#### [THE TASK]
Would you print only the lines running from the one with "Add some drama" to the final line of the data below, word for word and without pictures?

#### [DATASET RECORDS]
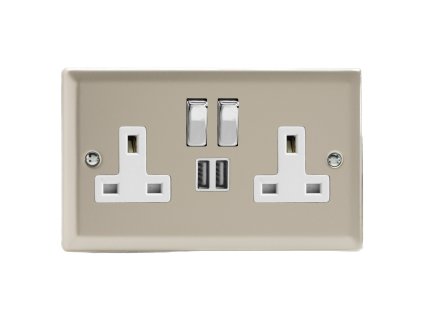 Síová zásuvka MAINS SOCKET - 2-modulový 13A 2-pólový britská zásuvka KLASICKÉ - satén / bílá
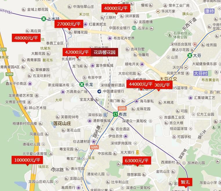 布吉站为3、5、14号线的换乘站。14号线车站沿龙岗大道南北向敷设,车站为地下三层岛式车站。南邻深圳经济特区腹心地带罗湖区,距离深圳市中心4公里,周边新一佳超市,天虹超市,附近有铁路市场。购物方便,加之2万宽市政绿化广场,东临深惠公路,西临布吉中心区规划新区,北赏石芽岭秀丽景色;具有十分出众的自然以及人文资源。 新房价格在4.2万-6.3万元/平之间;二手房价格在2.9万-4.4万元/平的区间。
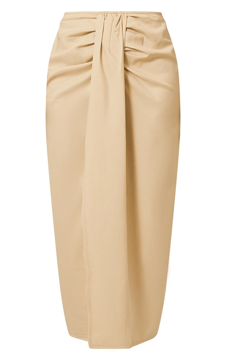 Add some drama to your vacay wardrobe with this dreamy skirt. Featuring a stone woven material with panel wrap detailing and a split hem design, team this with the matching top and sandals for a beach-worthy vibe.
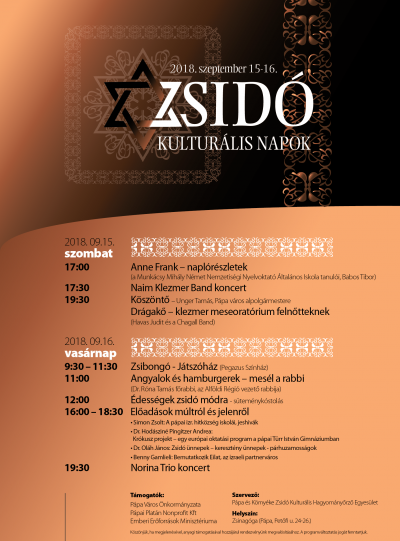 A Pápa és Környéke Zsidó Kulturális Hagyományőrző Egyesület, 2018. szeptember 15-16. között Zsidó Kulturális Napokat szervez a város zsinagógájában. A szervezők koncertekkel, előadások múltról és jelenről, zsidó ízek kóstolójával, játszóházzal és Dr. Róna Tamás főrabbi meséivel várják az érdeklődőket.
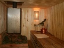 Voilà à quoi peut ressembler une salle de bain de haute qualité et de bonne qualité dans un garage. Presque toutes les surfaces sont faites de planches lisses en bois clair. Un mur de pierre sépare le hammam de la partie principale du four, seul un récipient contenant des pierres chauffées est amené à l'extérieur. La lampe n’est qu’une seule - en forme de diamant, au-dessus de la porte d’entrée (plus claire que les murs environnants).

#### [RESPONSE]
 Add some drama to your vacay wardrobe with this dreamy skirt. Featuring a stone woven material with panel wrap detailing and a split hem design, team this with the matching top and sandals for a beach-worthy vibe.
 A Pápa és Környéke Zsidó Kulturális Hagyományőrző Egyesület, 2018. szeptember 15-16. között Zsidó Kulturális Napokat szervez a város zsinagógájában. A szervezők koncertekkel, előadások múltról és jelenről, zsidó ízek kóstolójával, játszóházzal és Dr. Róna Tamás főrabbi meséivel várják az érdeklődőket.
 Voilà à quoi peut ressembler une salle de bain de haute qualité et de bonne qualité dans un garage. Presque toutes les surfaces sont faites de planches lisses en bois clair. Un mur de pierre sépare le hammam de la partie principale du four, seul un récipient contenant des pierres chauffées est amené à l'extérieur. La lampe n’est qu’une seule - en forme de diamant, au-dessus de la porte d’entrée (plus claire que les murs environnants).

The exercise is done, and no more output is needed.